One thing that makes this particular interview special is very good timing. I happen to have been in New York for a combination of business and pleasure. The latest collection of Best American Comics had just come out. In fact, I’d recently reviewed it here. So, one thing led to another. I asked Bill what he thought about getting together in person for an interview and so we did. For me, meeting Bill at Parsons The New School for Design was a nice treat. He teaches there on the subject of comics. Currently in his class, he’s covering Art Spiegelman’s landmark work, Maus. Bill was Associate Editor and Production Assistant on MetaMaus, Spiegelman’s 2011 book and multimedia DVD set examining the production of Maus.

Parsons The New School for Design

My goal in this interview was simply to have a pleasant, perhaps even lively, conversation. I am a fan of Best American Comics but I was setting that aside, so to speak, in order to go through a relatively objective set of questions. I wanted to dig around and see what we might uncover and Bill was certainly up for it. What I come away with  is the fact that this annual best-of collection has gone through a rigorous process. First, we have Mr. Kartalopoulos dutifully gathering up around 120 or so works that he deems worthy. Then, he hands them off to the guest editor. This year, that honor goes to cartoonist Phoebe Gloeckner. Finally, a shaking and mixing and final rinse. The editor, after paring down the final cut of titles, may end up adding some of her own, and will ultimately preside over a presentation all her own. Okay, lots going on. So, here we discuss all that and more.

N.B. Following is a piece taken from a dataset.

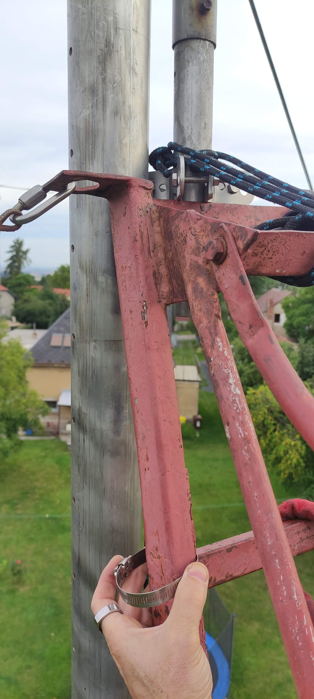 This is the top part of the mast – a fairly robust solution, but it is only held in place by three M5 screws on the upper tube.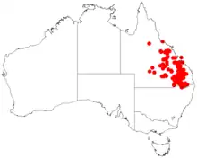 It is endemic to parts of Queensland and New South Wales and is fairly widespread throughout the Darling Downs region. The northern end of its range is to about 120 km (75 mi) to the south of Charters Towers it is found as far as Adavale to the west and down to around Yetman in the south.[1] The tree will often forms dense stands and is sometimes associated with Acacia shirleyi and also as a part of open forests and Eucalyptus woodlands growing in shallow stony soils usually over a bed of weathered sandstone.[1]

“Yazar and Arkadaş” by Lale Westvind

HENRY CHAMBERLAIN: Bill, I thought we could take as our jumping off point the last work in this year’s Best American Comics. This is by Lale Westvind. It is quite a surreal sci-fi tale entitled, “Yazar and Arkadaş.” I think it would be good fun to linger over this loopy and wonderful work, an ideal example of what comics are all about. It kicks off with an urgent search for a book and, along the way, the main characters are compelled to continue their journey naked. What can you tell us?

BILL KARTALOPOULOS: Lale Westvind did the cover for this year’s Best American Comics. This piece was one that she published during the twelve month cycle that we cover for each volume. Our excerpt doesn’t contain the story in full but it gives the reader a good sense of it. The original work was published on a risograph. We attempted to evoke that same look and feel, including the pink paper used in the original.

CHAMBERLAIN: That unique look that you get from a risograph is part of what defines independent comics.

KARTALOPOULOS: I think a lot of Lale’s work speaks to science fiction. Although a lot of her work is very different, it does bring to mind Jack Kirby and how he played with mythology with his New Gods.  Something else that I think is really nice and speaks to the selection process is what happened when it came time for Phoebe to pick what to excerpt from Emil Ferris’s My Favorite Thing is Monsters. She chose a conversation that refers to Medusa. That moment would end up resonating at the end of the book, with the last work by Lale Westvind and her disembodied head of Medusa with the tendrils of hair acting as arms grabbing at things.

 

Emil Ferris

 

Lale Westvind

CHAMBERLAIN: It happens every year. I recall us talking about interconnections between the selected works during our phone interview a few years back.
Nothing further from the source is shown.